# Math Help - Two differential equation questions

1. ## Two differential equation questions

Hey i've been studying over my extension math revision and i just cant get my head around these two questions. I'm sure i've been setting up the differential equations wrong but im not sure whats right. i have been for q1, dr/dt = y^(1/2). fliping to dt/dr then intergrating
just some assitance with setting up the begining equation will be enough to get me going its just the start of these i get confused about
The test is tomorow and tuesday so im kind of freaking out. heres the two questions, thanks in advance.

1. Oil is leaking out of a barrel loaded in a cargo ship.

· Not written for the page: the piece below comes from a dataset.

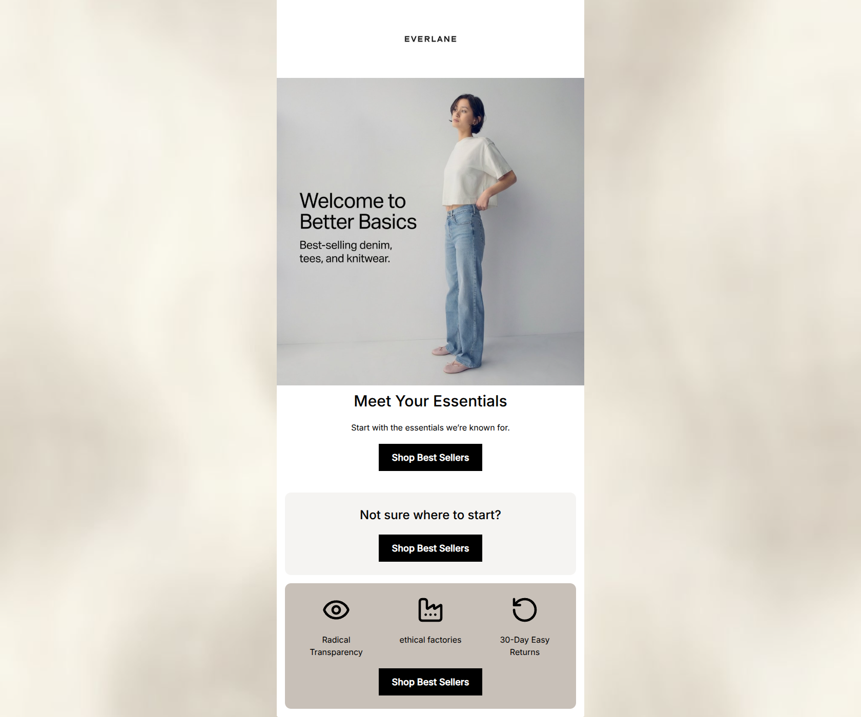 68/100This welcome email successfully captures Everlane’s signature minimalist aesthetic and 'clean luxury' vibe through excellent photography and generous whitespace. However, it suffers functionally from severe repetition and structural redundancy. By deploying three identical 'Shop Best Sellers' CTAs in rapid succession and repeating the word 'essentials' in the opening copy, the email feels more like a stacked template than a thoughtfully curated brand introduction. To elevate this from acceptable to highly converting, the email needs to diversify its click paths, fix glaring typographical inconsistencies, and integrate its strong value propositions higher in the visual hierarchy.

The rate at which the oil level is dropping seems proportional to the square root of the level of oil in the barrel at that time.
Write a differential equation for y(t), the level of oil (in cms) and time (hours).
Find a general solution for the equation.
If the barrel was filled up to 144cm when it started leaking and the level dropped to 80cm in four hours, how long will it take for the barrel to empty?

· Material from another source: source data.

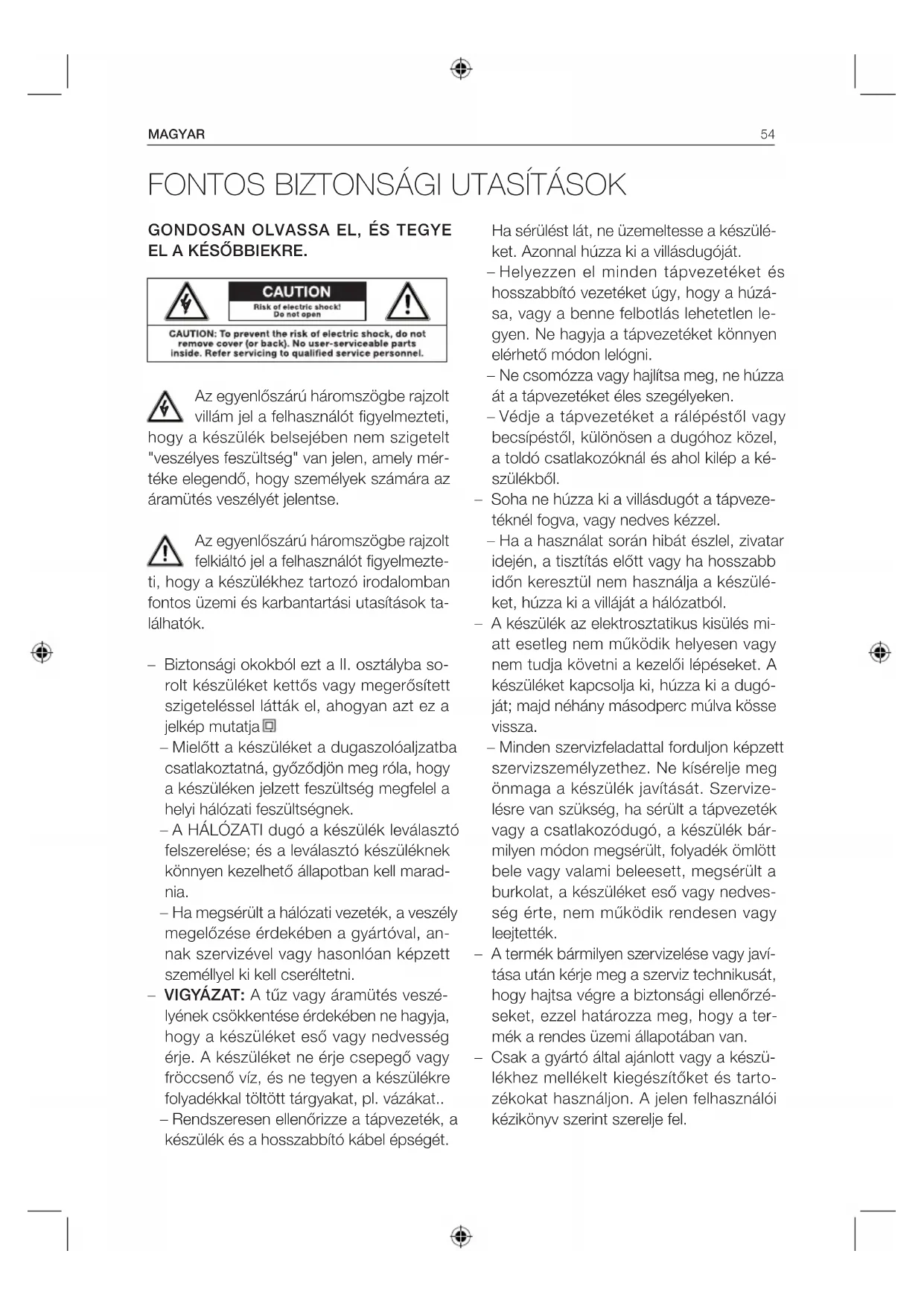 Az egyenlőszárú háromszögbe rajzolt villám jel a felhasználót figyelmezteti, hogy a készülék belsejében nem szigetelt "veszélyes feszültség" van jelen, amely mér- téke elegendő, hogy személyek számára az áramütés veszélyét jelentse. Az egyenlőszárú háromszögbe rajzolt felkiáltó jel a felhasználót figyelmezte- ti, hogy a készülékhez tartozó irodalomban fontos üzemi és karbantartási utasítások ta- lálhatók. – Biztonsági okokból ezt a II. osztályba so- rolt készüléket kettős vagy megerősített szigeteléssel látták el, ahogyan azt ez a jelkép mutatja . – Mielőtt a készüléket a dugaszolóaljzatba csatlakoztatná, győződjön meg róla, hogy a készüléken jelzett feszültség megfelel a helyi hálózati feszültségnek. – A HÁLÓZATI dugó a készülék leválasztó felszerelése; és a leválasztó készüléknek könnyen kezelhető állapotban kell marad- nia. – Ha megsérült a hálózati vezeték, a veszély megelőzése érdekében a gyártóval, an- nak szervizével vagy hasonlóan képzett személlyel ki kell cseréltetni. – VIGYÁZAT: A tűz vagy áramütés veszé- lyének csökkentése érdekében ne hagyja, hogy a készüléket eső vagy nedvesség érje. A készüléket ne érje csepegő vagy fröccsenő víz, és ne tegyen a készülékre folyadékkal töltött tárgyakat, pl. vázákat.. – Rendszeresen ellenőrizze a tápvezeték, a készülék és a hosszabbító kábel épségét.
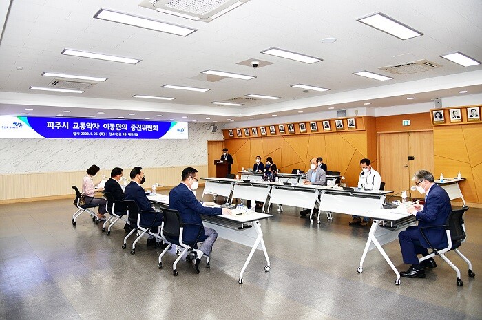 [로컬세계 = 이영원 기자]경기 파주시는 26일 파주시청 대회의실에서 2022년 교통약자 이동지원서비스 개선안과 파주시 지방교통약자 이동편의 증진계획 용역안 심의 자문을 위해 고광춘 부시장 주재로 ‘교통약자 이동편의 증진위원회’를 개최했다고 30일 밝혔다.
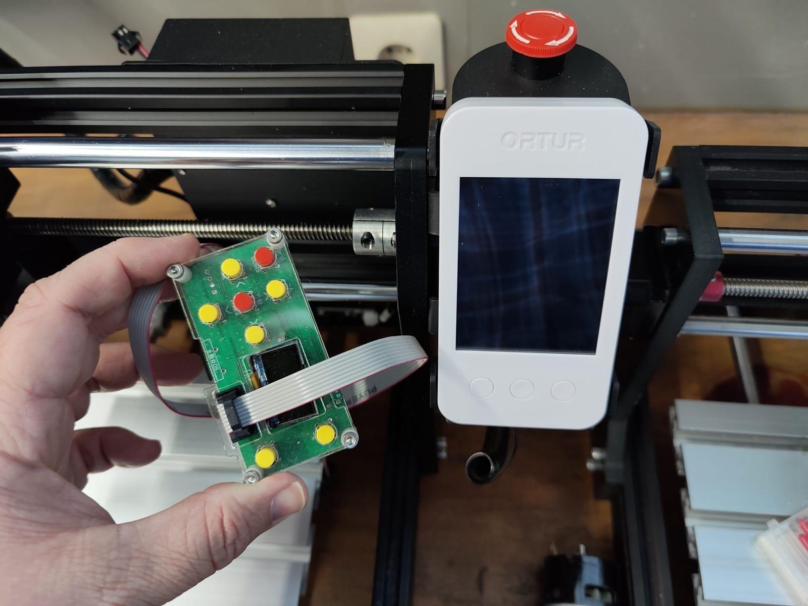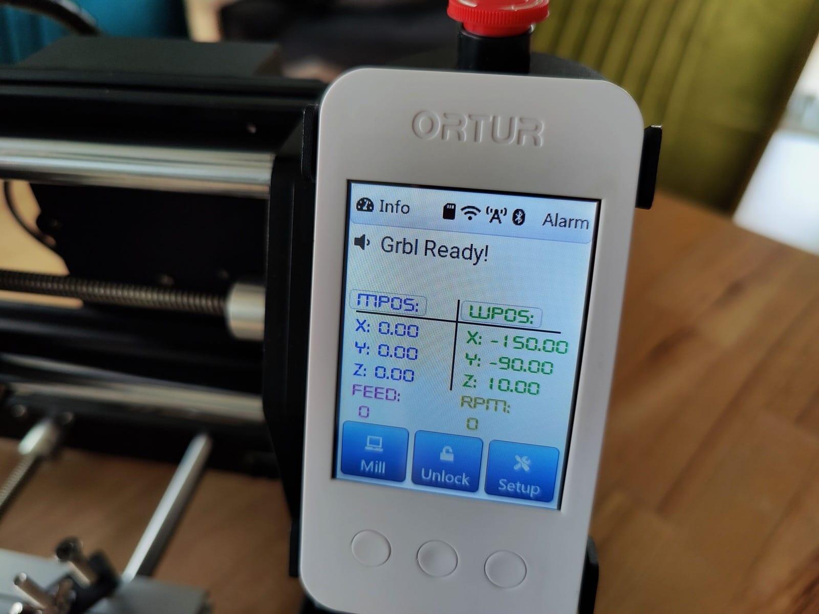 - Fernbedienung. Auch hier ist es ein Unterschied wie Tag und Nacht. Die Alfawise CNC hatte ein Dings, welches im Grunde eine Platine mit einem schlechten Display in Verbindung mit einem Flachbandkabel und schlechten Knöpfen besitzt. Die Ortur hat eine Fernbedienung in Optik eines Smartphones mit großem Touchscreen, schöner Software drauf, guten Tasten und Spiralkabel als Verbindung. SO muss das sein!

2. An investigation is under way in the department of forests, land and conservation to improve our understanding of the rate at which bush fires spread. A bush fire has broken out and a spotter plane has already taken some photographs. The first photograph shows a fire area of half a hectare. Comparison with a photograph taken six hours later shows that the fire seems to be spreading uniformly in all directions and has burned an additional 1700 square metres.
Use differential equations and find two possible models for the spread of the fire.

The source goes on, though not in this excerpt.